Detailed Description

The shortage of donor organs leads to the use of marginal donors including donors after cardiac death. Normothermic machine perfusion (NMP) preservation is a promising method to decrease their high risk of complication compared to the standard cold storage (CS). The aim of this project is to assess safety and feasibility of NMP in human liver transplantation.

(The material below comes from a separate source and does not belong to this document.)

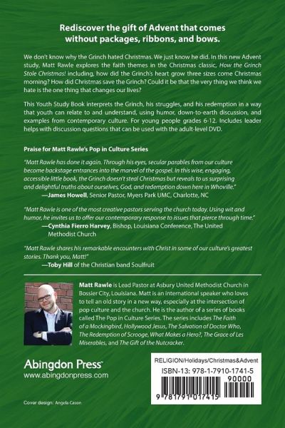 We don't know why the Grinch hated Christmas. We just know he did. If we're being honest, there's probably something within the Christmas season celebration that awakens a Grinch within all of us. Maybe the gift we unwrap was all wrong, or memories that were supposed to be joyful never were. When everything seems wrong in the world, even joyful celebrations are much too loud. In his new Advent study, Matt Rawle explores the faith themes in the Christmas classic, How the Grinch Stole Christmas including how did the Grinch's heart grow three sizes come Christmas morning? How did Christmas save the Grinch? Could it be that the very thing we think we hate, is the one thing that changes our life? Rediscover and reinvigorate your Christian faith this Advent and Christmas season and look at this familiar classic through the lens of faith. The Youth Study Book interprets the Grinch, his struggles, and his redemption in a way that youth can relate to and understand, using humor, down-to-earth discussion, and examples from contemporary culture. For young people grades 6-12. Includes leader helps with discussion questions that can be used with the adult-level DVD.

This will be a single center prospective cohort pilot study. Thirty-two livers that have acceptable quality for transplantation will be preserved with NMP in 2-18 hours after cross clamp and cold flush. The liver grafts at NMP will be at physiological temperature and have oxygen and nutrient supply with continuous perfusion. The transplantation and post-transplant care will follow the standard of care. The follow-up period is 12 months after transplantation. The primary end point will be the rate of post-transplant Early Allograft Dysfunction (EAD), while the secondary end points will be: primary non function (PNF) rate, 1 and 6 months patient and graft survival, peak liver function tests in the first 7 days after transplantation, intraoperative hepatic arterial and portal flow measurement, rate and magnitude of post-reperfusion syndrome, surgical outcomes (operative time, transfusion requirement etc.), rate of post-transplant kidney failure, assessment of histological ischemia reperfusion (liver and bile duct), rate of vascular complications, rate of biliary complications, hospital and ICU length of stay, rejection rate, infection rate, the ability to predict function based on "on-pump" viability markers, and the incidence of adverse effect (AE).

The outcome will be compared to a control group of 100 historical patients (matched with a 1:4 ratio) transplanted in our program in the past 10 years (liver preserved using CS). Control subjects will be matched using donor and recipient age, Model for End-Stage Liver Disease (MELD) score, cold ischemia time, donor risk index and presence of steatosis.

Conditions

Liver Transplantation

Study Design

• Allocation Method: NON_RANDOMIZED
• Intervention Model: SINGLE_GROUP
• Primary Study Purpose: TREATMENT
• Blinding Strategy: NONE

Study Groups

Normothermic Liver perfusion

This group has the liver grafts preserved using the Normothermic Liver perfusion Device.

Group Type: EXPERIMENTAL

Normothermic Liver perfusion Device

Intervention Type: DEVICE

The liver grafts will be preserved at physiological temperature and have continuous perfusion with oxygen and nutrient supply in the ex vivo organ preservation phase.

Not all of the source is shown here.